Supreme Court of Puerto Rico, 1964

People v. Rivera Maldonado

People v. Rivera Maldonado
Supreme Court of Puerto Rico · Decided June 2, 1964 · Dávila, Pimentel, Rigau
90 P.R. 492

People v. Rivera Maldonado

Opinion of the Court

per curiam :

Appellant was convicted of driving an automobile in state of intoxication. The two errors assigned are directed to the sufficiency of the evidence.

In addition to the unequivocal testimony of the policeman who made the arrest, the chemical analysis of the third blood sample made by the chemist of the Department of Health in the presence of defendant’s expert chemist showed it contained 17 hundredths of one percent by weight of alcohol. The Vehicle and Traffic Law provides that:

*493“If there was at the time of the analysis fifteen (15) hundredths of one (1) per cent or more by weight of alcohol in the defendant’s blood, it shall be presumed that the defendant was under the influence of intoxicating liquor at the time of the alleged violation.” (9 L.P.R.A. § 1041(b) (3).)

We have examined the record and the transcript of evidence. There is no conflict in the evidence. Appellant argues that he was sober because the keys of his car were delivered to him at the General Police Headquarters. The truth is that appellant was arrested by the police on September 18, 1960 on Roosevelt Avenue, in front of Nemesio Canales Housing Project in Hato Rey, about 12:20 p.m. Prom there he was taken to the municipal hospital in Río Piedras, where a blood sample was taken at 1:00 a.m. From Río Piedras he was taken to Stop 8, in Puerta de Tierra, San Juan, to confront him with the magistrate. Then he posted bail and later was transferred to the General Police Headquarters (situated on Barbosa Avenue) where appellant’s automobile had been taken and there the keys were delivered to him. It is reasonable to suppose that because of the time elapsed from the arrest to the time when the keys were delivered to him, and due also to the sobering impression received by a person who is arrested, when taken to a hospital, to a judge, and to police headquarters, appellant was in the proper condition to drive his automobile. But apart from suppositions, considering the merits of the contention, the same is a non sequitur. The fact that a policeman delivers the keys to a vehicle to an intoxicated person may be ground to prove other things but not to prove that the intoxicated person was sober.

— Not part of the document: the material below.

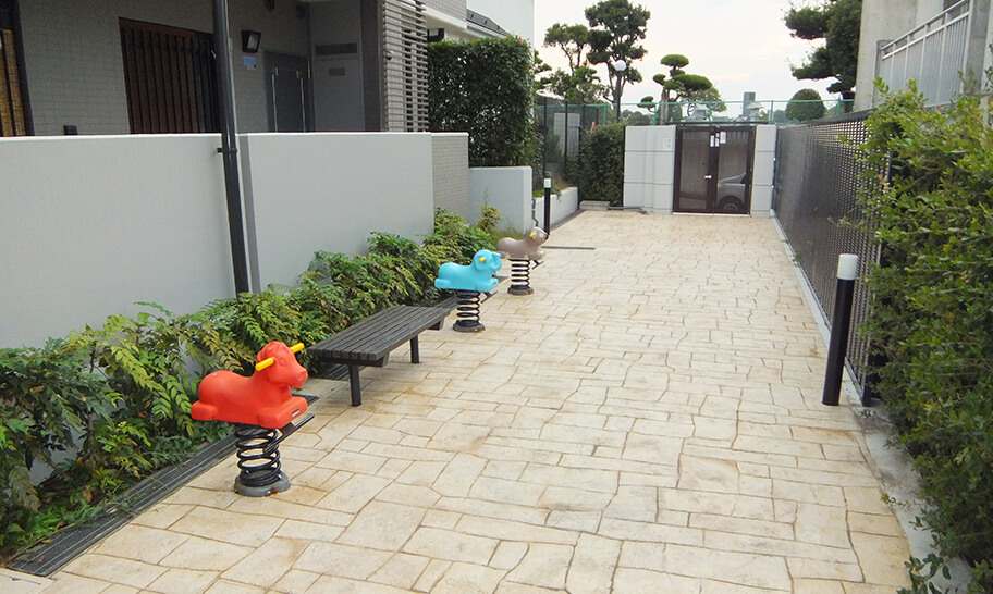 落ち着きのある住宅エリアに、スタイリッシュな外観。 エントランス エントランスホール 駐車場 駐輪場 宅配ボックス メールボックス ゴミ置場 共用通路

In view of the evidence introduced we believe that the trial court had no other alternative but to sentence, as we likewise have no other alternative but to affirm. We shall not disturb the discretion of the trial judge in weighing the evidence which we believe was correctly exercised, nor constitute ourselves a trial court in order to substitute our criterion *494for that of the former. There is nothing in the transcript of evidence to show that the trial court acted with manifest error, prejudice or partiality. People v. López Rodríguez, 88 P.R.R. 459 (1963); People v. Monroig, 87 P.R.R. 622 (1963). The errors assigned were not committed.

The judgment appealed from will be affirmed.